Poco antes del mediodía del jueves grupos de jóvenes protestaron en al menos tres diferentes puntos del este de Caracas y una de esas concentraciones fue dispersada con gases lacrimógenos y balas de goma, comprobó un periodista de la AFP.

El "uso de la fuerza bruta para limitar la libertad de expresión estimula protestas más agresivas y peligrosas que hacen más difícil el diálogo.
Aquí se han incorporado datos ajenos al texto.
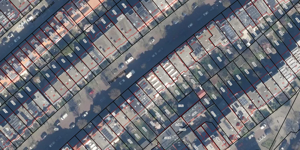 Het perceel waarop Frankenslag 78 staat heeft een oppervlakte van 335 m². Dit is een groot perceel. De perceeloppervlakte wordt geregistreerd door het Kadaster. Gedetailleerde informatie over de maten van dit perceel kunt u vinden in het rapport Kadastrale kaart met maatvoering van Frankenslag 78.
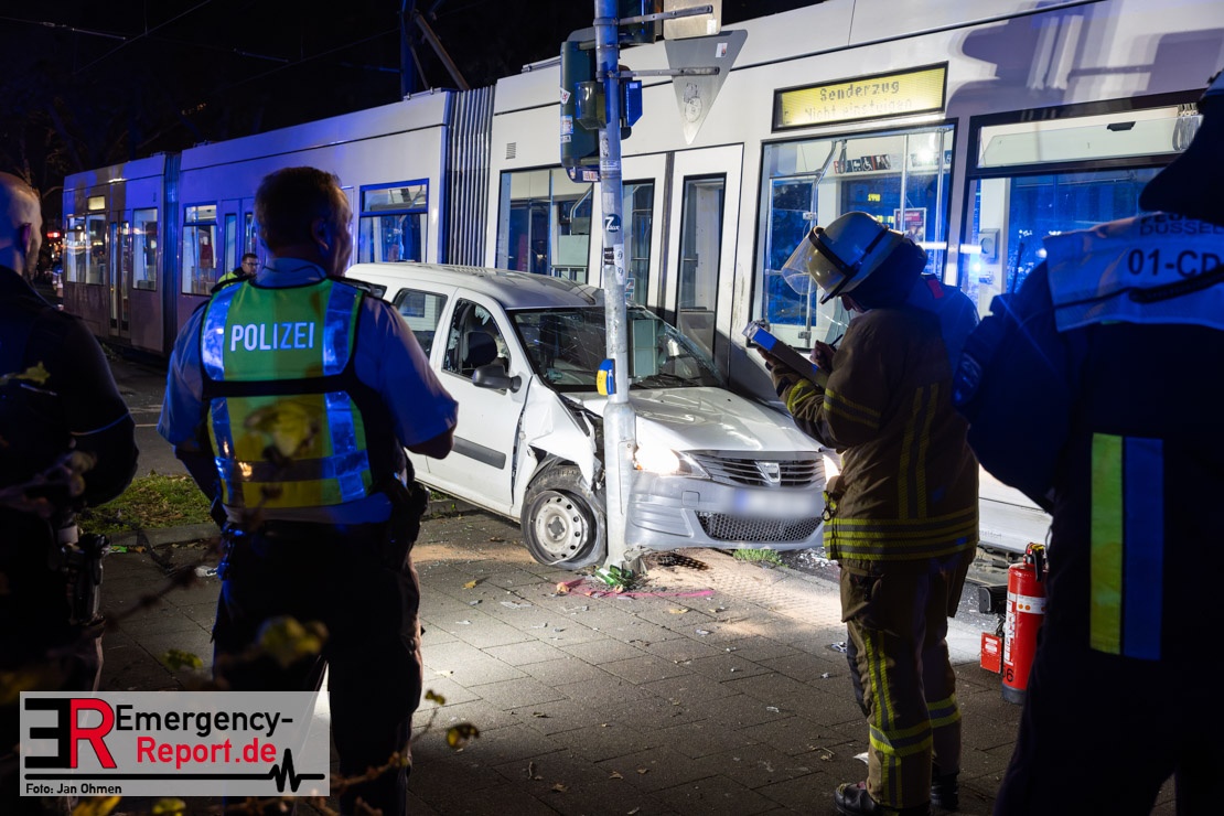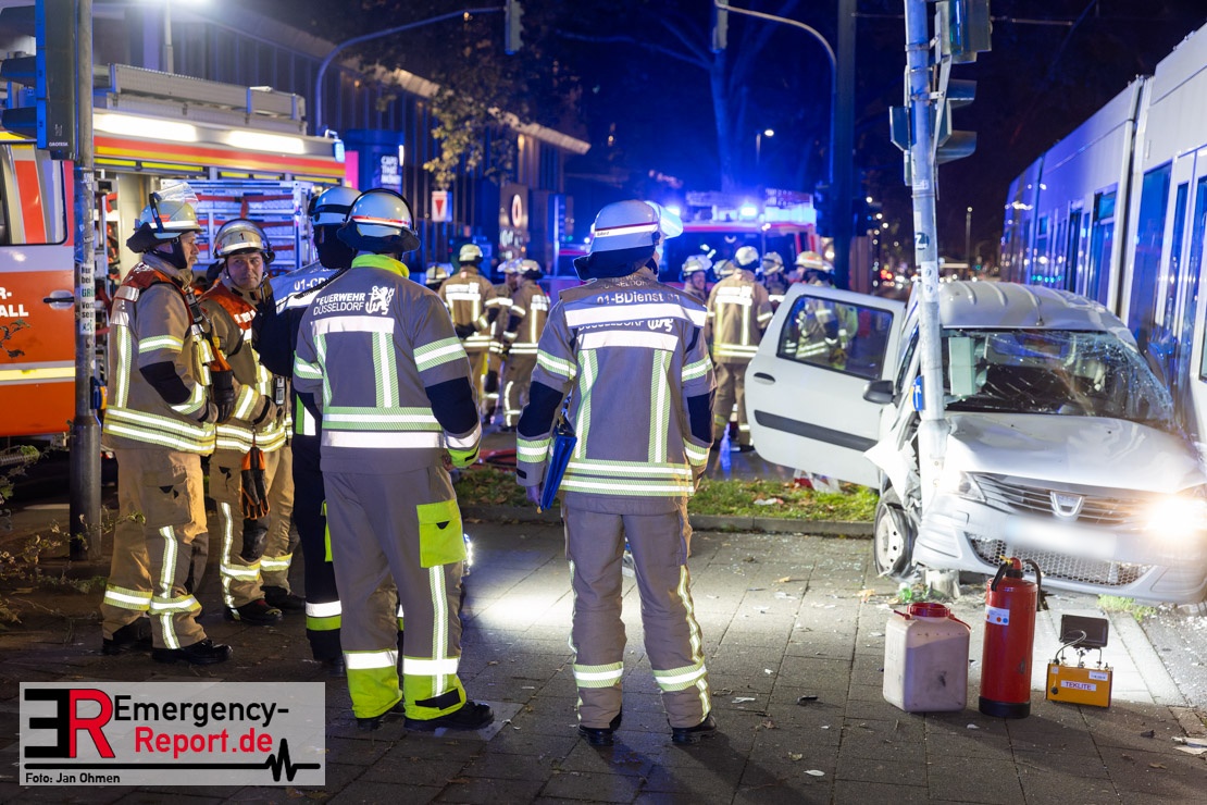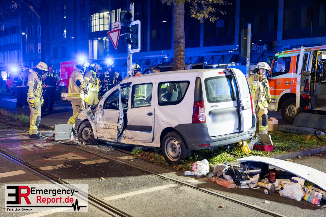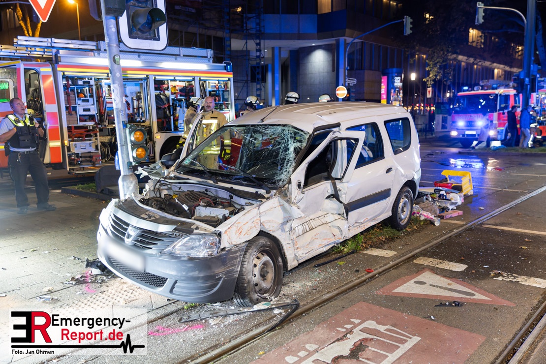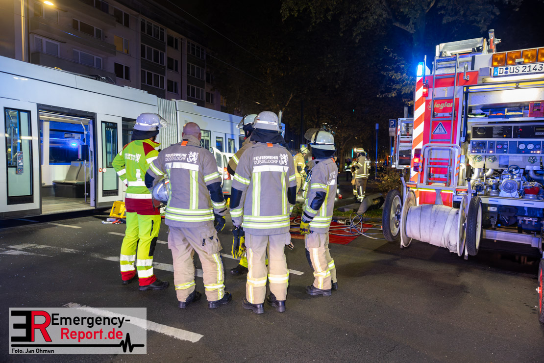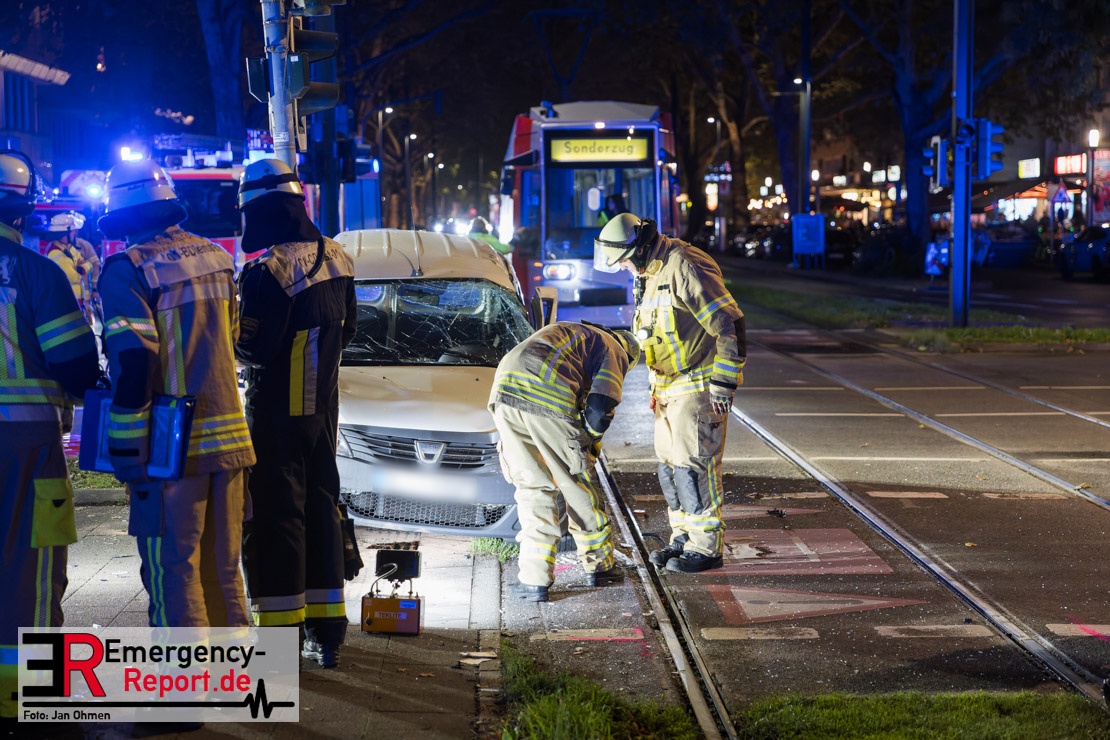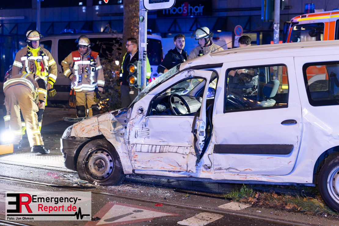 Dienstagabend um 19:23 Uhr meldete eine Person über den Notruf der Feuerwehr einen Verkehrsunfall zwischen einem PKW und einer Straßenbahn im Kreuzungsbereich in Stadtmitte. Bereits fünf Minuten nach der Alarmierung trafen die ersten Einsatzkräfte an der Unfallstelle ein und bestätigten die Meldung. Aus bislang ungeklärter Ursache war ein PKW mit einer Straßenbahn kollidiert. Der PKW wurde zwischen der Straßenbahn und einer Laterne eingeklemmt. Der Fahrer des PKWs wurde dadurch in seinem Fahrzeug eingeschlossen und verletzt und musste durch die Heckklappe von der Feuerwehr befreit werden. Ein Ersthelfer verletzte sich leicht an der Hand, als er mit dieser die Scheibe des verunfallten PKW einschlug. Ein Notarzt sowie Notfallsanitäter betreuten und untersuchten die verletzten Personen, von denen eine in ein Krankenhaus transportiert wurde. Der Fahrer der Straßenbahn wurde durch den Notfallmanager der Rheinbahn betreut. Auslaufende Betriebsmittel aus dem PKW wurden abgestreut und die Fahrzeugbatterie am verunfallten PKW wurde abgeklemmt. Zur Ermittlung der Unfallursache hat die Polizei ihre Arbeit aufgenommen. Nach gut einer Stunde rückten die letzten Kräfte der Feuerwehr zu ihren Standorten wieder ein.

Puedes aplastar al adversario, pero no estás solucionando los problemas", dijo a la AFP el analista político Luis Vicente León.
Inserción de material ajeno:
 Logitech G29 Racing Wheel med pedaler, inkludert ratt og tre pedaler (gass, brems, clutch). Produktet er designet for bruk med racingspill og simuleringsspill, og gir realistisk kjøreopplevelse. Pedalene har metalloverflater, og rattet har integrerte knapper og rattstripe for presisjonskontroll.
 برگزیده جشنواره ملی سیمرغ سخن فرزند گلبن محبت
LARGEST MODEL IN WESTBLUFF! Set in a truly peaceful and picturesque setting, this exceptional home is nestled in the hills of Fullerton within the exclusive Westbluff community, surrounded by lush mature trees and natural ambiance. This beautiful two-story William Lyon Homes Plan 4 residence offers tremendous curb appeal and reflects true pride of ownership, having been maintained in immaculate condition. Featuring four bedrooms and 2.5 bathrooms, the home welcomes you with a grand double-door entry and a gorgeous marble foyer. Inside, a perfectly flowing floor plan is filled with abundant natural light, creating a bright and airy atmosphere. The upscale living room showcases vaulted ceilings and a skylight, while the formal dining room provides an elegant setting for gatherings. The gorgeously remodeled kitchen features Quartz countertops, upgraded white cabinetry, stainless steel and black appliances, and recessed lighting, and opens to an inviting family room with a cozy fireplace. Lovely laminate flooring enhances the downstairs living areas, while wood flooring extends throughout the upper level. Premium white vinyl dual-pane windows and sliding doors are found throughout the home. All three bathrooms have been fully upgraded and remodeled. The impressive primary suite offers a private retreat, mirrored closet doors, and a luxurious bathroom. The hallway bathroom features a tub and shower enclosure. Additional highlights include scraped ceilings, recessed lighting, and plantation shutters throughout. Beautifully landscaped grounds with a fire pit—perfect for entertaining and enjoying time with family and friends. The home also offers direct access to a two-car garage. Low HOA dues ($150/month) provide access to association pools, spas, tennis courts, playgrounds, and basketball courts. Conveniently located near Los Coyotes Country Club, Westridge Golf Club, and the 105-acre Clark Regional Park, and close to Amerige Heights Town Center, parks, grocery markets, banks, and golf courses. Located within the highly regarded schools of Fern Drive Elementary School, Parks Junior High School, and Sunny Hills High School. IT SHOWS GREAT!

"En medio de una crisis económica, con anuncios de racionamiento de agua y electricidad, el gobierno va en contra de una sociedad que protesta (...) Su acción intenta mostrar que no está dispuesto a ceder en ningún terreno" dijo León, titular de la consultora Datanálisis.

Su firma reveló esta semana una encuesta según la cual seis de cada diez venezolanos reprueban la gestión de Maduro, heredero político de Hugo Chávez.
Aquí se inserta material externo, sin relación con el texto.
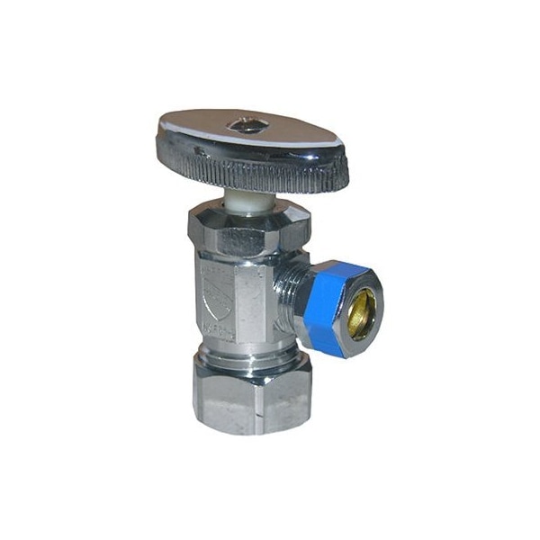 58 OD Compression Inlet x 38 OD Compression Outlet, Coarse Thread Style, Chrome, Angle Valve, California Vermont Lead Free Compliant Product, Carded
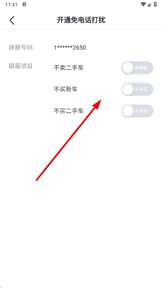 4、在開通免電話打擾頁面,可根據(jù)需求選擇屏蔽項目,開啟對應的免打擾設置。
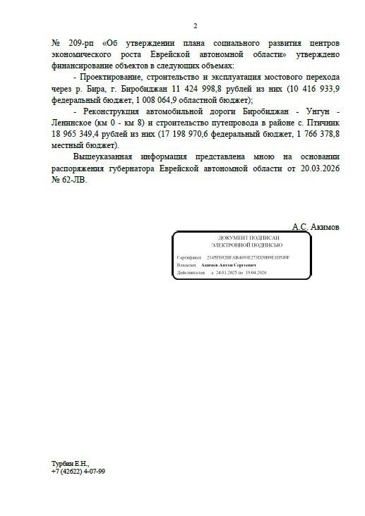 — Реконструкция автомобильной дороги Биробиджан - Унгун - Ленинское (км 0 - км 8) и строительство путепровода в районе с. Птичник 18 965 349,4 рублей из них (17 198 970,6 федеральный бюджет, 1 766 378,8 местный бюджет)», — сообщил Антон Акимов.

Las protestas, calificadas por el gobierno como un "golpe de Estado en desarrollo", fueron motorizadas por la violencia criminal fuera de control, la inflación de casi 60% anual y la escasez pertinaz de alimentos, medicinas y otros bienes.

En el país que recauda 100.000 millones de dólares anuales por sus ventas de crudo, la población debe hacer horas de filas para tratar de obtener --cuando tiene suerte-- un paquete de azúcar, leche, aceite, papel de baño o medicamentos.

Un periodista de la AFP, que pasó circunstancialmente por el campamento situado frente a la ONU hacia la 01h00 de la madrugada, no había detectado ningún movimiento especial: solamente carpas cerradas con los jóvenes posiblemente durmiendo en su interior, y ningún despliegue policial en el área.

Pero en la mañana de este jueves el lugar lucía destruido: restos de carpas y otros elementos desperdigados por el suelo tras la arremetida.

"Actúan a las tres de la mañana en una emboscada clara a nuestros compañeros (...) Tendrán que preparar celdas más grandes, los estudiantes seguiremos luchando por nuestros derechos", reaccionó el líder estudiantil Juan Requesens.

Estos campamentos eran la cara visible de los últimos restos de las protestas iniciadas en febrero y que han dejado, según cifras actualizadas este jueves por la Fiscalía, 41 muertos, 800 lesionados y casi 150 casos investigados de abusos policiales.


Entretanto este jueves fue suspendida la audiencia judicial que debía decidir el eventual enjuiciamiento del opositor radical Leopoldo López, detenido desde febrero en una cárcel militar.

"Tribunal 16 de Control difiere audiencia preliminar de Leopoldo López, quien está siendo trasladado nuevamente a cárcel militar de Ramo Verde", en las afueras de Caracas, informó su partido Voluntad Popular.

"Hoy la justicia injusta se escondió. ¿A qué le temen? ¿A la verdad? Saben que debo salir en libertad", declaró el encarcelado dirigente a su salida del Palacio de Justicia de Caracas, agregó Voluntad Popular en su cuenta de Twitter.

López es el principal promotor de la estrategia de forzar con protestas callejeras la renuncia de Maduro.